[Data supplied — start]

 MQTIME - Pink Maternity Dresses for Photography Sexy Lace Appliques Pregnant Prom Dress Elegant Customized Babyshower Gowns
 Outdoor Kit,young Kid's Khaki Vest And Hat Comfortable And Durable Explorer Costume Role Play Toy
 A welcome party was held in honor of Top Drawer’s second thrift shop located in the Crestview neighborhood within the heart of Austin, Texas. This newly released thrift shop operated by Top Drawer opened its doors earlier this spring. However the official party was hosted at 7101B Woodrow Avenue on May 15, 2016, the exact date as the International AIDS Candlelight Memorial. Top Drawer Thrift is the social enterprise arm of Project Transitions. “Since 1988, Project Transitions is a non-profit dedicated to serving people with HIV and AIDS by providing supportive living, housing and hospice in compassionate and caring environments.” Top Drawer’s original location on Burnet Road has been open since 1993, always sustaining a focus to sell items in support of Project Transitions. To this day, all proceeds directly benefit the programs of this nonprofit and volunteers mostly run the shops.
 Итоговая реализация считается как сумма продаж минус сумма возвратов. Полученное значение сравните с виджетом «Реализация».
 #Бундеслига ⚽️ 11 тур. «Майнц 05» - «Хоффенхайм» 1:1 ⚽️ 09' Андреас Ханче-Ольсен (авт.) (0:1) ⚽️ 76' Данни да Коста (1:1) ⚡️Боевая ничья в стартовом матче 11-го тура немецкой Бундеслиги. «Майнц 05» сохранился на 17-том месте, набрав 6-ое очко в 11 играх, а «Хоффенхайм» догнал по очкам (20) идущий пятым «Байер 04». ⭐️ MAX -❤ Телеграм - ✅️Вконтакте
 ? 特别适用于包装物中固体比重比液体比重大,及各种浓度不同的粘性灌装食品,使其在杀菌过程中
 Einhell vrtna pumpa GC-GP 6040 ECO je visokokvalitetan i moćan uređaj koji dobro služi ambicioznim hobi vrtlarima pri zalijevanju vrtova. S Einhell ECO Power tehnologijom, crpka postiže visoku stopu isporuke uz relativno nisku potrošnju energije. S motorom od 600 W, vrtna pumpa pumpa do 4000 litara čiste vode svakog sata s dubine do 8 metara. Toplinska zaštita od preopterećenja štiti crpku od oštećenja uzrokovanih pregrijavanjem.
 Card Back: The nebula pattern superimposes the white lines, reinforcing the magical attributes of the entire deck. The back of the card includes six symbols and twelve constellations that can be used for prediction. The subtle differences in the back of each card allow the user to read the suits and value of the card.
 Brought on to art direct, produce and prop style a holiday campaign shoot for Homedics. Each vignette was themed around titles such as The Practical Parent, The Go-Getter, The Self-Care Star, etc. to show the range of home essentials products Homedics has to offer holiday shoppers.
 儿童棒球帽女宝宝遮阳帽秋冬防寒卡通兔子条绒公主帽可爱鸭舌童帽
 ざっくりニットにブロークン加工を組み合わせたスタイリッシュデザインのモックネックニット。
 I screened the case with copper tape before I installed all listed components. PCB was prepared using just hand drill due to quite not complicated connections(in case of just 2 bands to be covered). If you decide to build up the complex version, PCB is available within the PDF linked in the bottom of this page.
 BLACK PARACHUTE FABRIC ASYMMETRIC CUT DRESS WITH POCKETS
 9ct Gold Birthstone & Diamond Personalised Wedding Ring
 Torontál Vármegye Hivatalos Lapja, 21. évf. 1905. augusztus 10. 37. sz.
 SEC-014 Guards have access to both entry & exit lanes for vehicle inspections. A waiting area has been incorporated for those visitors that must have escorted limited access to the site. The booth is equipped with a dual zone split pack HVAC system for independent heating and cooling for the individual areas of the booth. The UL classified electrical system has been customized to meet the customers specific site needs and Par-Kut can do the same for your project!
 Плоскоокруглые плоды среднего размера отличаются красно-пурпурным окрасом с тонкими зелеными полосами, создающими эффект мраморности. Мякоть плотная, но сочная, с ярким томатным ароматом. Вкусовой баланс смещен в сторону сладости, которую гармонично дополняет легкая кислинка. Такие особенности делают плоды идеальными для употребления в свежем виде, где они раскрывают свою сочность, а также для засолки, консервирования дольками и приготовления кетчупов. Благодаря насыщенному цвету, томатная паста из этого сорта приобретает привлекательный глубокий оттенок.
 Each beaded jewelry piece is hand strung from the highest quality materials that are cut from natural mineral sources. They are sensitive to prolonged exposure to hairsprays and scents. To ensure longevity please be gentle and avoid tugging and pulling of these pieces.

[Data supplied — finish]

## What the exercise asks
The word "that" occurs on some lines of the entries. Work out how many such lines there are and reply with the number alone.

## Task result
3